ARTICLE
28 January 2010

The New CRC Energy Efficiency Scheme – What Does IT Mean For Organisations Involved In PFI And PPP?

The Department of Energy & Climate Change has this month issued updated guidance on the new CRC Energy Efficiency Scheme ("CRC Scheme"), a new UK mandatory emissions trading scheme which is expected to be phased in from April 2010 and aims to reduce carbon dioxide emissions through energy efficiency.
United Kingdom Energy and Natural Resources

The Department of Energy & Climate Change has this month issued updated guidance on the new CRC Energy Efficiency Scheme ("CRC Scheme"), a new UK mandatory emissions trading scheme which is expected to be phased in from April 2010 and aims to reduce carbon dioxide emissions through energy efficiency. The guidance is based on policy in the draft CRC Energy Efficiency Scheme Order which was laid before Parliament on 19 January 2010 can be accessed if you click here.

The CRC Scheme will be one of a few mechanisms already operating in the UK for the purpose of meeting domestic targets on climate change.
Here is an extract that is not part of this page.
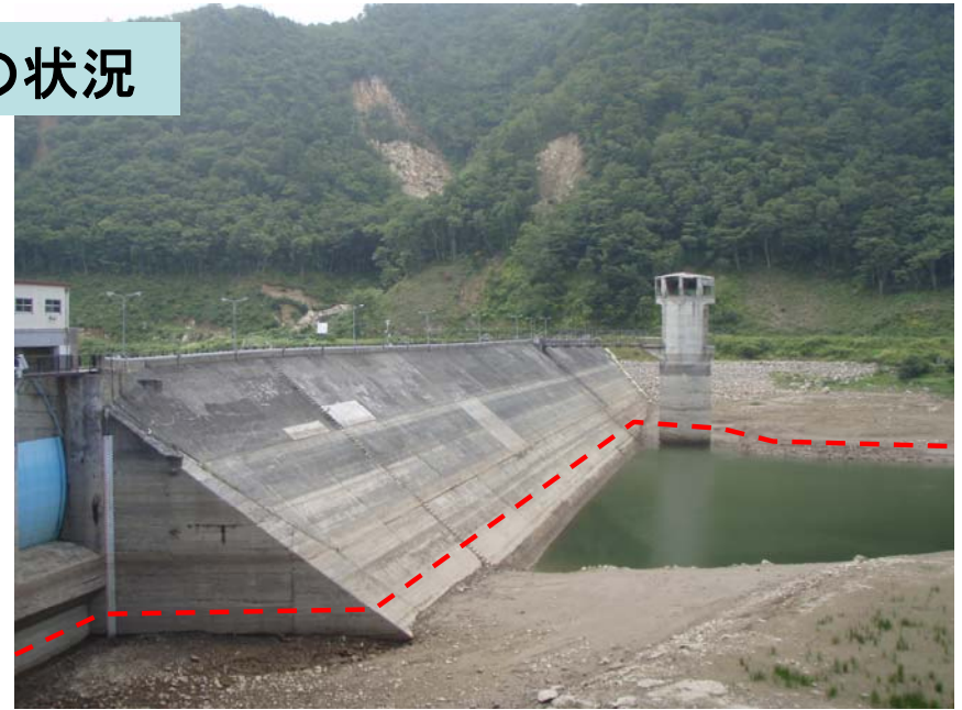
8月20日9時頃撮影 貯水位303.4m

The scheme is a proposed mandatory cap and trade scheme that will apply to emissions (not covered by climate change agreements or the EU Emissions Trading Scheme) from large public and private sector organisations whose metered electricity use is above 6,000MWh per half hour. Failure to comply with the scheme may result in a fine.

So, what does this new legislation mean for those organisations involved in PFI/PPP projects?
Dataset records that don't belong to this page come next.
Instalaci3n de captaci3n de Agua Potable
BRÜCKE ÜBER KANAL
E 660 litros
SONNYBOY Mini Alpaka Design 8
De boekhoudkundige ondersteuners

It will depend very much on the terms of your contract. Broadly speaking, where the public authority is responsible for entering into contracts with the utility provider, the public authority is responsible under CRC.

Where the private sector is responsible for contracts with the utility provider, the impact of the Scheme will depend on whether responsibility for procuring utilities has been stepped-down to FM sub-contractors or retained at SPV level. Where it is stepped down, parent organisations of FM companies will need to consider their position. Where it is retained at SPV level, guidance states that where a shareholder has more than a 50% stake in a project company, it is that shareholder's ultimate parent that must report anything supplied to the project company as part of its qualifying total. Where a project company does not have a parent with a greater than 50% controlling stake, the SPV will itself be required to participate as an individual CRC organisation where the inclusion threshold is exceeded.

Despite the release of guidance, the potential impact of the Scheme on PFI/PPP projects is still not at all clear. The Scheme has raised concerns among private contractor stakeholders to the extent that we understand PUK has been commissioned to examine 15 to 20 PFI contracts to determine responsibility in a random sample. In the meantime, we await legislation coming into force and (hopefully) some further guidance in the context of PFIs.

Disclaimer

The material contained in this article is of the nature of general comment only and does not give advice on any particular matter. Recipients should not act on the basis of the information in this e-update without taking appropriate professional advice upon their own particular circumstances.